This repository contains scripts for estimating the first ionisation potential bias (FIP bias) using demcmc to do the differential emission measure (DEM) calculations. The scripts here are designed to be run on Myriad, one of the high performance computing systems at University College London (UCL). It shouldn't be too hard to adapt them to work elsewhere.
To start with you'll need
- the original EIS observation as data/header h5 files. eispac has instructions one how to search for and download these.
- a numpy
.npy
file with fitted intensities and intensity errors across the whole EIS map. - a
.sav
file with pre-computed contribution functions for each of the observed lines.
The lines in each of these files need to be a number of Fe lines for calculating the DEM, and the S and Si lines for estimating the FIP bias. Put these three files in the same folder, and make a note of that folder for later.
Make sure your ingredients are prepared as per the above section.
Then run_dem.py
runs the DEM calculation. Two things need to be configured at the top of this script:
- The number of parallel threads used to process the DEM data.

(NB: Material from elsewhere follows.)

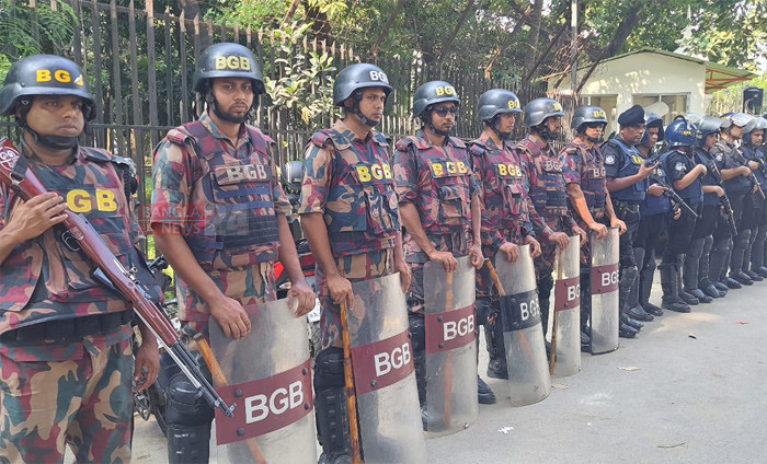 গুম-খুন এবং মানবতাবিরোধী অপরাধের মামলায় সেনা কর্মকর্তাদের বুধবার আন্তর্জাতিক অপরাধ ট্রাইব্যুনালে আনার সময় নিরাপত্তা জোরদার করা হয়। ছবি: জিএম মুজিবুর

- The input and output data directories.
Running this script will output progress to a log file in the output directory.
Processing of the DEM for each pixel will happen independently and in parallel.
When a whole row of pixels is processed the DEMs will be output to a netCDF file called
dem_x.nc
, where x is the number that gives the x-pixel of the row that contains DEMs for all y-pixels. Additionaldem_x_lines.nc
files will be produced, which give information on what lines were used to calculate the DEM. A '1' value means that line was used to calculate the DEM for that pixel.
The submit_demcmc_myriad.sh
script provides a job script to submit the MCMC calculations to Myriad.
run_fip.py
runs the FIP esitmation, using the DEMs calculated in the previous step.
The only things that need configuring in this file are the various input/output file path locations.
When you run this a progress bar should pop up in your terminal that shows you how long is left to process all the pixels.
When the script finishes running it will output a file called fip_map.fits
in the previously specified output directory.
plot_fip.py
plots the generated FIP map, using some nice deafult colormap settings.